#### Stored data

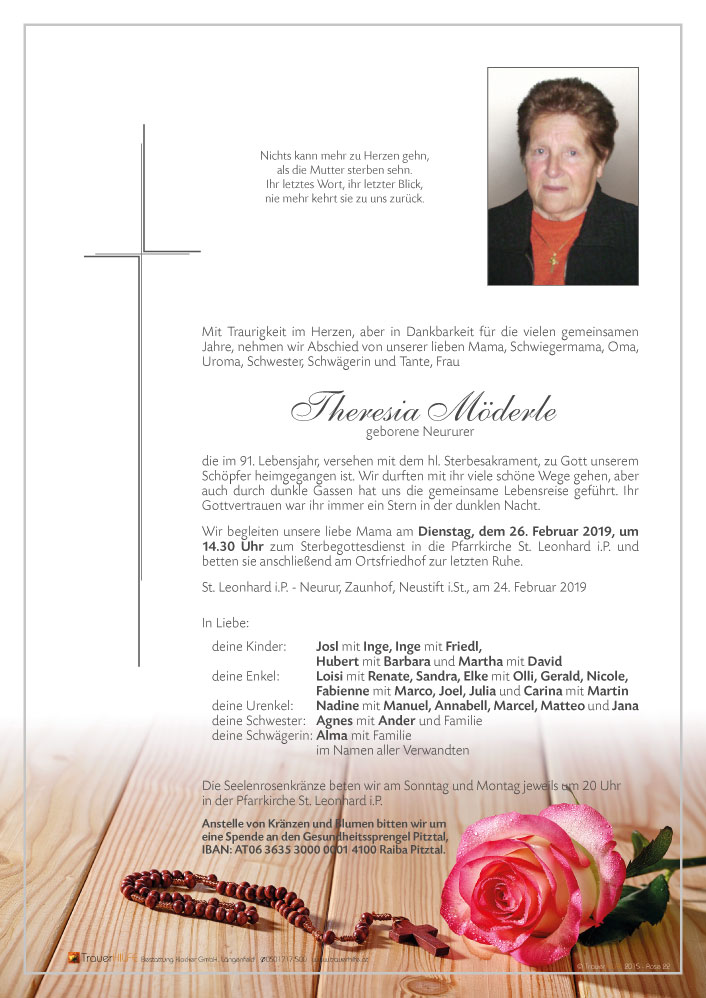 Wir werden uns oft und gerne an unsere liebe Tante Thresa im Pitztal erinnern. Wir haben sie immer gerne besucht, mit ihr gelacht und ihre Herzenswärme gespürt.
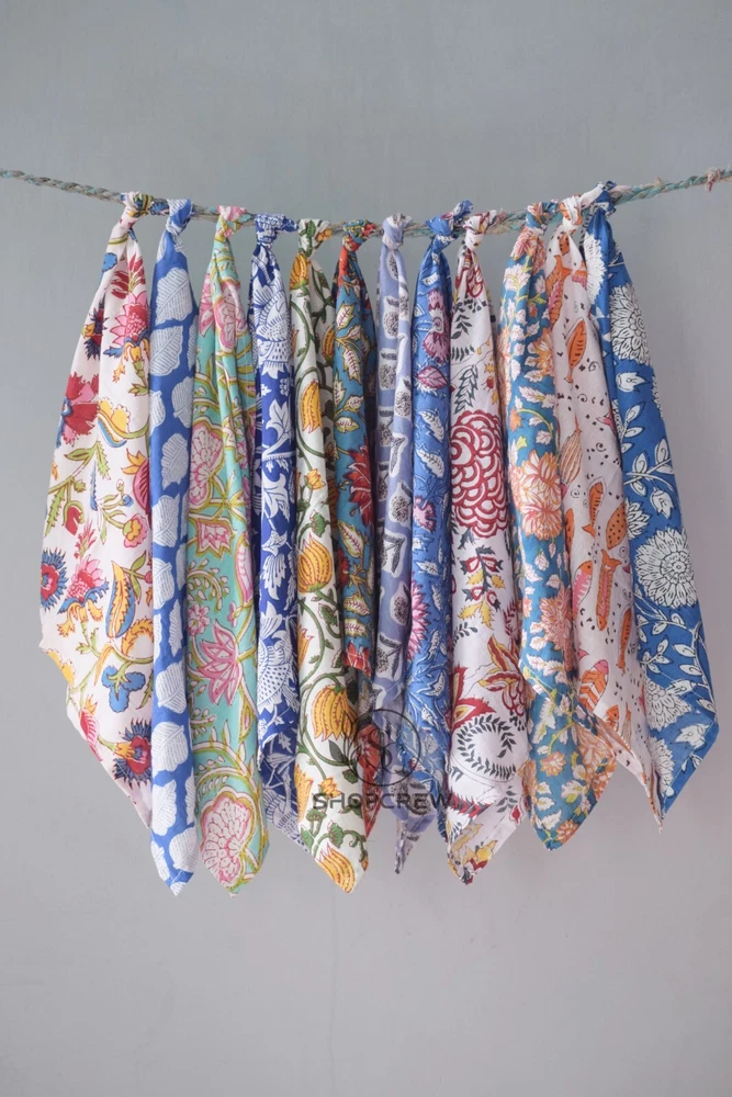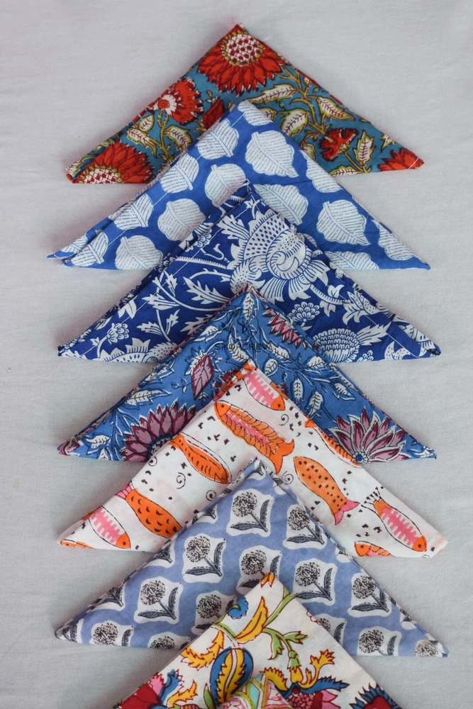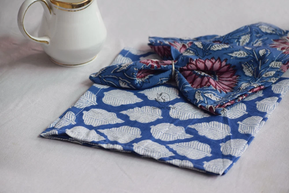It's time to stop using paper napkins and make the switch to cloth! 100% Cotton Cloth With Hand Block Print Napkins Set ( It's Mix Wholesale Lot So Every Piece And Design Are Different ) We Upgraded Our Fabric Quality To 60x60 Cotton Best For Napkins Size:- 8x8 Inches ( 20 x 20 Cm ) 10x10 Inches ( 25 x 25 Cm ) 12x12 Inches ( 30 x 30 Cm ) 14x14 Inches ( 35 x 35 Cm ) 16x16 Inches ( 40 x 40 Cm ) 18x18 Inches ( 45 x 45 Cm ) 20x20 Inches ( 50 x 50 Cm ) Care Cold wash on gentle cycle with mild soap. Wash separately. Iron on medium/warm setting on reverse. Do not bleach, dry clean or tumble dry. They are soft, durable and become softer after each wash. Dress up your dining table with these block-printed napkins from India. This beautifully crafted cotton tableware is perfect for adding a touch of colour to your table and this mix and match style makes a bold statement! Your table setting will be more eco-friendly too as these napkins are washable and reusable. Beautiful napkins made for everyday dining. This beautiful floral-patterned napkins were hand-made by local makers in India using traditional techniques. The product is a hand-printed textile so there will be naturally occurring dye and pattern variations throughout, making each piece unique.
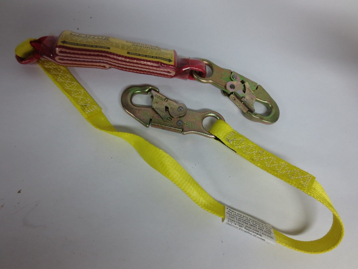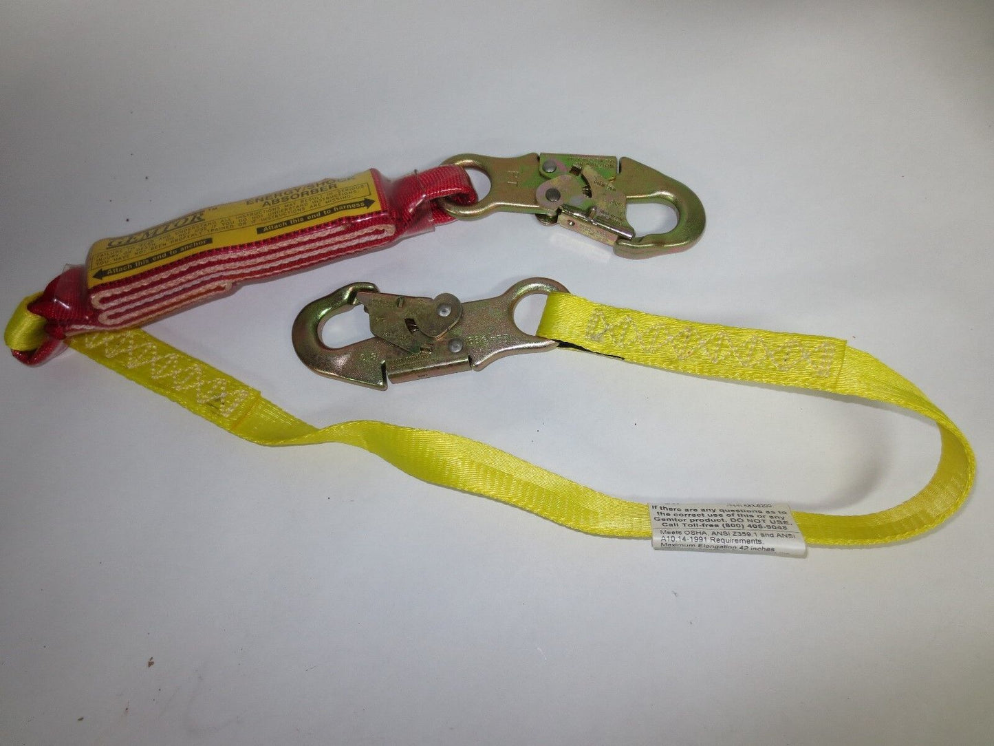 Soft-Pack energy absorber with 1" wide polyester web lanyard with #5155 locking snaphooks at each end. 4 ft. length. Meets ANSI Z359.13, A10.32

#### Assignment
The answer is every line of the data, exactly as written, with the pictures dropped.

#### Answer space
 Wir werden uns oft und gerne an unsere liebe Tante Thresa im Pitztal erinnern. Wir haben sie immer gerne besucht, mit ihr gelacht und ihre Herzenswärme gespürt.
It's time to stop using paper napkins and make the switch to cloth! 100% Cotton Cloth With Hand Block Print Napkins Set ( It's Mix Wholesale Lot So Every Piece And Design Are Different ) We Upgraded Our Fabric Quality To 60x60 Cotton Best For Napkins Size:- 8x8 Inches ( 20 x 20 Cm ) 10x10 Inches ( 25 x 25 Cm ) 12x12 Inches ( 30 x 30 Cm ) 14x14 Inches ( 35 x 35 Cm ) 16x16 Inches ( 40 x 40 Cm ) 18x18 Inches ( 45 x 45 Cm ) 20x20 Inches ( 50 x 50 Cm ) Care Cold wash on gentle cycle with mild soap. Wash separately. Iron on medium/warm setting on reverse. Do not bleach, dry clean or tumble dry. They are soft, durable and become softer after each wash. Dress up your dining table with these block-printed napkins from India. This beautifully crafted cotton tableware is perfect for adding a touch of colour to your table and this mix and match style makes a bold statement! Your table setting will be more eco-friendly too as these napkins are washable and reusable. Beautiful napkins made for everyday dining. This beautiful floral-patterned napkins were hand-made by local makers in India using traditional techniques. The product is a hand-printed textile so there will be naturally occurring dye and pattern variations throughout, making each piece unique.
 Soft-Pack energy absorber with 1" wide polyester web lanyard with #5155 locking snaphooks at each end. 4 ft. length. Meets ANSI Z359.13, A10.32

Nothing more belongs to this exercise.